#### WHAT IS NEEDED
When you write out the listing, keep every word as it stands and drop the pictures.

#### INFORMATION SUPPLIED

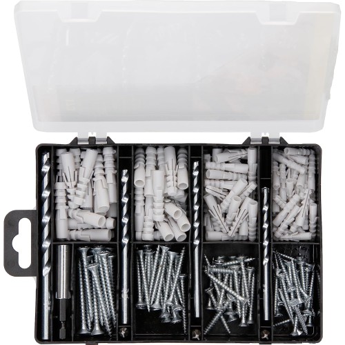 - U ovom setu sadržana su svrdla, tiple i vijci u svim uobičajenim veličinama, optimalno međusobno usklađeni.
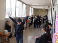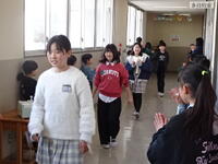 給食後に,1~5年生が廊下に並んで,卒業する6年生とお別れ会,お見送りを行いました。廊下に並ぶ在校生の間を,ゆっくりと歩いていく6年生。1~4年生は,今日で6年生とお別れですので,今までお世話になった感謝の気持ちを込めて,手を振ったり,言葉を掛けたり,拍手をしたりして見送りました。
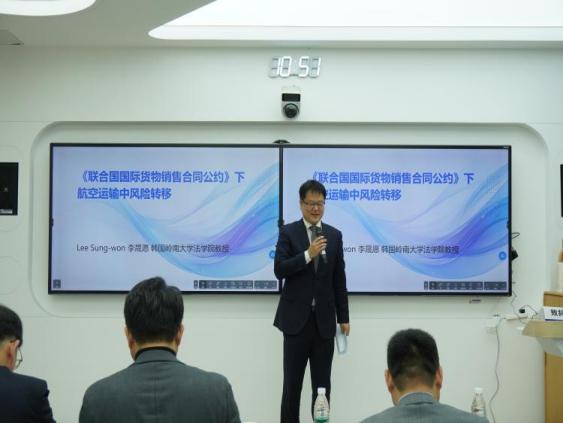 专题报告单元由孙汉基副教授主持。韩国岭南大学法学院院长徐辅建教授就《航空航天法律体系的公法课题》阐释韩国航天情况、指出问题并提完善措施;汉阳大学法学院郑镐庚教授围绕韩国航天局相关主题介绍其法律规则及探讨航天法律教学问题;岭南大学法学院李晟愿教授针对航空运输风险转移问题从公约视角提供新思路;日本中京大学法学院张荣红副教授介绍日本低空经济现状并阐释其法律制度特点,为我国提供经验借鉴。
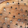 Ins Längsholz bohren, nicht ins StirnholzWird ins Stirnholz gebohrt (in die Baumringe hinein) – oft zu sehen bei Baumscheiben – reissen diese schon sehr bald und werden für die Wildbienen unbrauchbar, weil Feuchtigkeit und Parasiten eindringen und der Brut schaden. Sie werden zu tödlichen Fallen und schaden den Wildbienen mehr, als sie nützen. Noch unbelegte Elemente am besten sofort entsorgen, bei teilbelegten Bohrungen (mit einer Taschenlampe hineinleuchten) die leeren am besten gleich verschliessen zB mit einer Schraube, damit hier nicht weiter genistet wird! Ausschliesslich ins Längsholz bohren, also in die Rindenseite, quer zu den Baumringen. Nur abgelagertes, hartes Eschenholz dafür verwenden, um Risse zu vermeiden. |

#### OUTPUT FOR THIS EXERCISE
 - U ovom setu sadržana su svrdla, tiple i vijci u svim uobičajenim veličinama, optimalno međusobno usklađeni.
 給食後に,1~5年生が廊下に並んで,卒業する6年生とお別れ会,お見送りを行いました。廊下に並ぶ在校生の間を,ゆっくりと歩いていく6年生。1~4年生は,今日で6年生とお別れですので,今までお世話になった感謝の気持ちを込めて,手を振ったり,言葉を掛けたり,拍手をしたりして見送りました。
 专题报告单元由孙汉基副教授主持。韩国岭南大学法学院院长徐辅建教授就《航空航天法律体系的公法课题》阐释韩国航天情况、指出问题并提完善措施;汉阳大学法学院郑镐庚教授围绕韩国航天局相关主题介绍其法律规则及探讨航天法律教学问题;岭南大学法学院李晟愿教授针对航空运输风险转移问题从公约视角提供新思路;日本中京大学法学院张荣红副教授介绍日本低空经济现状并阐释其法律制度特点,为我国提供经验借鉴。
 Ins Längsholz bohren, nicht ins StirnholzWird ins Stirnholz gebohrt (in die Baumringe hinein) – oft zu sehen bei Baumscheiben – reissen diese schon sehr bald und werden für die Wildbienen unbrauchbar, weil Feuchtigkeit und Parasiten eindringen und der Brut schaden. Sie werden zu tödlichen Fallen und schaden den Wildbienen mehr, als sie nützen. Noch unbelegte Elemente am besten sofort entsorgen, bei teilbelegten Bohrungen (mit einer Taschenlampe hineinleuchten) die leeren am besten gleich verschliessen zB mit einer Schraube, damit hier nicht weiter genistet wird! Ausschliesslich ins Längsholz bohren, also in die Rindenseite, quer zu den Baumringen. Nur abgelagertes, hartes Eschenholz dafür verwenden, um Risse zu vermeiden. |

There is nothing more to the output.